The first video in the series features a discussion of confession of judgment clauses with Prof. Robin Effron.

In the first video in the series, Dean Cahill sits down with Prof. Robin Effron, and the two talk about “confession of judgment clauses” in commercial contracts.

Effron explains that these clauses allow judgments against businesses in default of a contract without notifying the defendant in the judgment. As Cahill put it, the borrower signs away some of their rights away in these contracts, and Effron explained that they are illegal in all 50 states in non-commercial transactions.

“Everybody is worried about small businesses being impacted and shutting down and being unable to meet their obligations,” Prof. Effron said. “My worry is that in so-called normal times you always have that run of small businesses that are unable to meet their obligations, have their assets seized and are victims of these confession of judgement clauses. The worry is now that it’s not just some businesses, but it’s so many more that it will reveal just how many businesses have these clauses in their contracts.”

With 11 episodes already published, BLS plans on exploring more areas of the law and how they will be impacted by COVID-19. Issues will include real estate, law student and lawyer mental wellness, the criminal justice system, sports and more.

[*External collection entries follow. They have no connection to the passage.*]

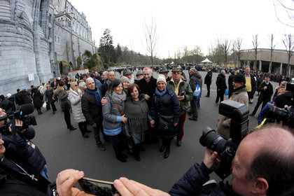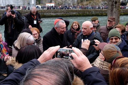 APRES LA CONFERENCE DE PRESSE POUR LA FETE DE NOTRE DAME DE LOURDES, DE MONSEIGNEUR PIETRO PAROLIN, SECRETAIRE D ETAT DU VATICAN, CARDINAL DE L EGLISE CATHOLIQUE, DE NOMBREUX PELERINS VIENNENT LE VOIR POUR LA BENEDICTION ET LUI SERRER LA MAIN, LOURDES, HAUTES PYRENEES, OCCITANIE, FRANCE, EUROPE
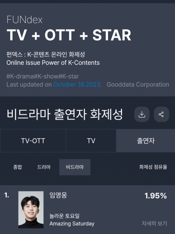 임영웅은 굿데이터코퍼레이션이 10월 16일 발표한 K-콘텐츠 온라인 화제성 FUNdex에서 비드라마 출연자 화제성 1위를 차지했다.
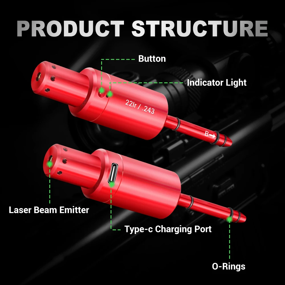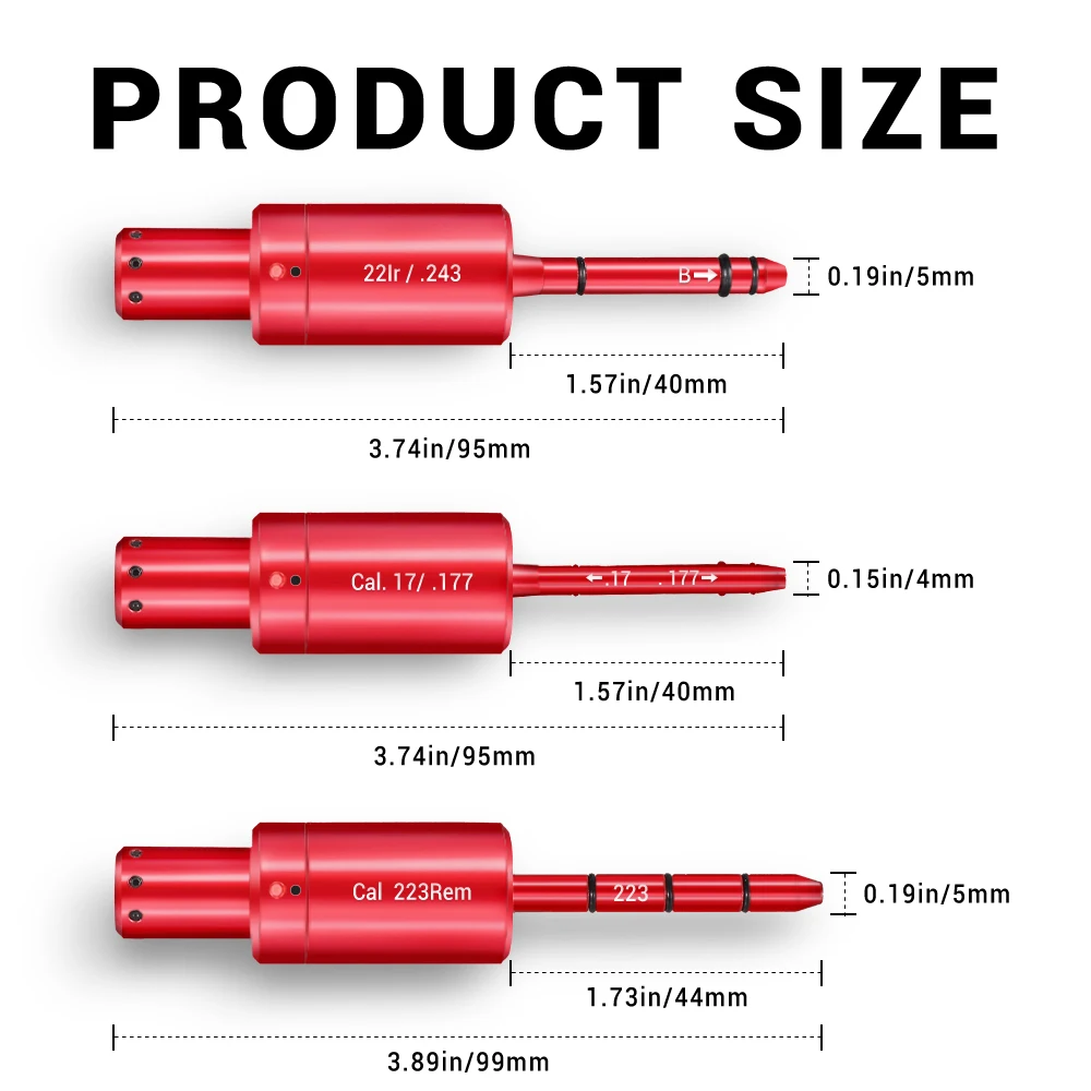Es dos en uno diseñado tanto para cartuchos de entrenamiento como para funciones boresighter.Alternarás fácilmente entre los dos modos.Y comience el entrenamiento del fuego seco después de configurar la mira.(Se adapta principalmente a cilindros de acero sin dispositivos mu zzle)

“This was a fitting way to kick off the series about law in time of crisis by pointing to an issue that was always there and always significant, but certainly would be spotlighted more in the particular context we find ourselves in where perhaps more people will be in the situation of defaulting on their loans and having these clauses take effect and feeling their impact in a way we might not have noticed before,” Dean Cahill said of Prof. Effron’s discussion of confession of judgement clauses.